Three Marys: Crucifixion by Dawn Williams Boyd
Used with permission.
https://www.dawnwilliamsboyd.com/

 

By Sister Janet M. Peterworth, OSU

They did not think it was going to end this way. The women did not dream they would be standing at the foot of a cross. But death is women’s work. Blood is women’s mark. While the other Evangelists mention women at a distance, it is John alone who notes that the women known as Mary, Jesus’ mother; her sister, Mary the wife of Clopas; and Mary from Magdala were standing near the cross, perhaps under the cross. And they were courageous, and they stood there because perfect love casts out fear.
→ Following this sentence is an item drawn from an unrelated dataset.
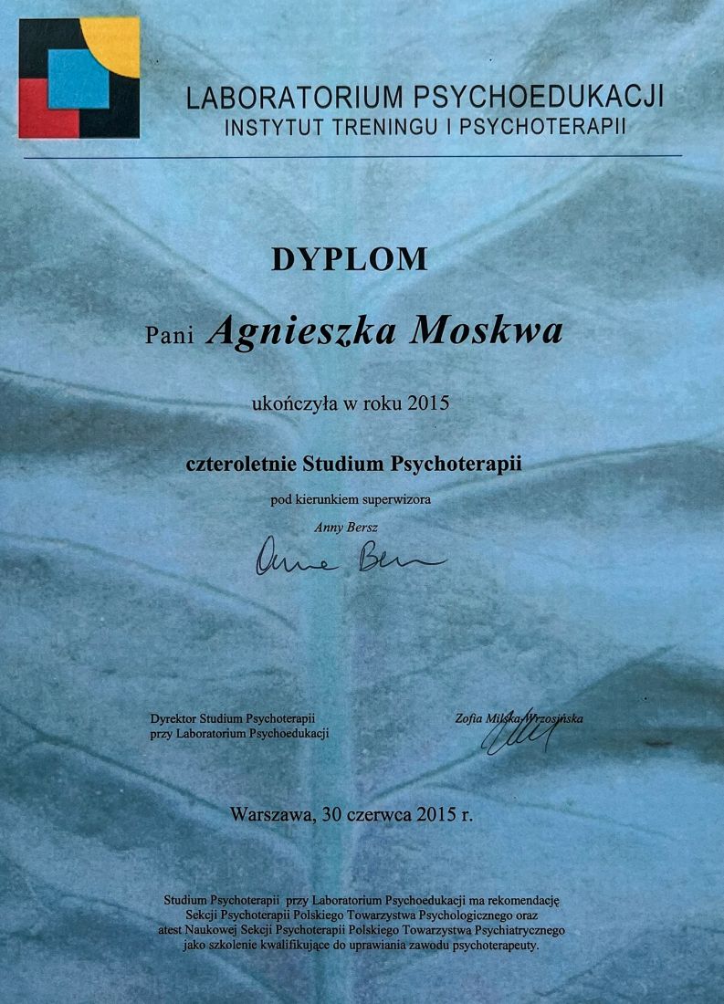 PSYCHOTERAPEUTKA w trakcie certyfikacji w Polskim Towarzystwie Psychologicznym - PTP. Ukończone 4 letnie szkolenie akredytowane przez PTP w Laboratorium Psychoedukacji w Warszawie (certyfikat). Ukończona 2 letnia Szkoła Psychoterapii Par i Rodzin w Laboratorium Psychoedukacji. (certyfikat)

Women are not afraid of death. In many cultures and down through the ages, it is women who prepare bodies for the grave and women who wash and clean the bodies and wrap them for burial processions. And more recently, it is sometimes women who accompany death row inmates to their final chamber.
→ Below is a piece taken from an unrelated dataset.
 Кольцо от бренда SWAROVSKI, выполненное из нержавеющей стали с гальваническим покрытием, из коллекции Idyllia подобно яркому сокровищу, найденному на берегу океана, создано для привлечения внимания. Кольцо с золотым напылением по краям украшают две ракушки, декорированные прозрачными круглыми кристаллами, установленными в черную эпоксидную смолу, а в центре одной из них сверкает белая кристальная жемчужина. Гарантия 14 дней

Women are not afraid of blood either, for it is the flow of blood that turns a little girl into a young woman and it is the stopping of that flow of blood that turns a mature woman into a wisdom-filled crone. Women give birth in blood and water and thereafter stop bloody noses and tend to bloody knees and elbows.   

The women near that cross were not afraid to look upon the bloodied head of Jesus nor the blood that spurted from the hands and feet when spikes were hammered through them. These women did not turn away or swoon when blood and water came from the pierced side of Jesus. Women stood under that cross and from then on women understood that cross.
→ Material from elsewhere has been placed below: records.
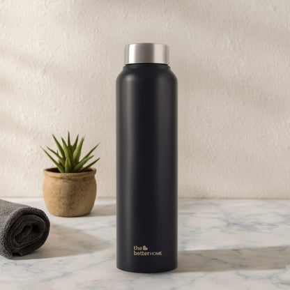 The Better Home 1000 Stainless Steel Water Bottle 1 Litre | Rust-Proof, Lightweight, Leak-Proof & Durable | Eco-Friendly, Non-Toxic & BPA Free Water Bottles 1+ Litre | Black (Pack of 1)
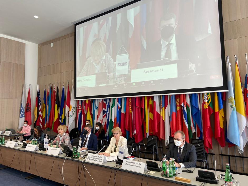 Speakers during the meeting on women’s empowerment in disaster risk reduction and emergency responses, with a particular focus on the consequences of the ongoing war against Ukraine, Vienna, 29 April 2022.
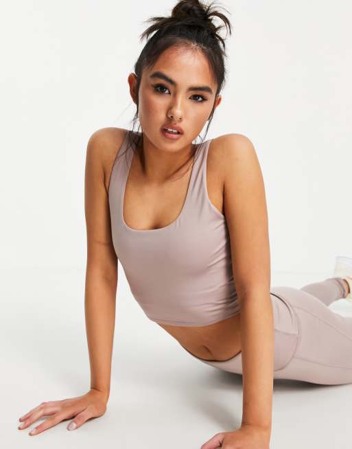 South Beach – Beżowy krótki top z dekoltem karo

They didn’t think it was going to end this way, but it had to. Jesus died this way because of the way he lived. Jesus lived a life of love and service and devotion especially to those who were on the margins…a woman who wanted only the scraps from the table, a woman who believed enough that she just needed to touch his hem, a little girl who was dead but then stood up and ate, a woman who had had five husbands, and a shunned woman who washed his feet with her tears and dried them with her hair. Those women knew Jesus as compassionate friend, liberator from burdens, consoling friend in sorrows, and ally of women’s strivings.

The blessing that women find in their relationship with Jesus today is no longer just private and spiritual—it is moving them into public and social domains and it inspires in them the struggle for freedom from structures of domination in every dimension of life. It is women’s relationship to Jesus that gives them courage to call the Church and society to conversion of hearts, minds, and structures that can reflect the reign of God through Jesus.

It wasn’t supposed to end this way. These women were not supposed to be standing under a cross, but thanks be to God, Good Friday did end this way, so that some women could find an empty tomb on Easter Sunday and go tell the men, “He is risen, He is not here.”

 

Standing by the cross of Jesus were his mother
and his mother’s sister, Mary the wife of Clopas,
and Mary of Magdala.
When Jesus saw his mother and the disciple there whom he loved
he said to his mother, “Woman, behold, your son.”
Then he said to the disciple,
“Behold, your mother.”
And from that hour the disciple took her into his home.

After this, aware that everything was now finished, 
in order that the Scripture might be fulfilled, 
Jesus said, “I thirst.”
There was a vessel filled with common wine.
So they put a sponge soaked in wine on a sprig of hyssop 
and put it up to his mouth.
When Jesus had taken the wine, he said,
“It is finished.”
And bowing his head, he handed over the spirit.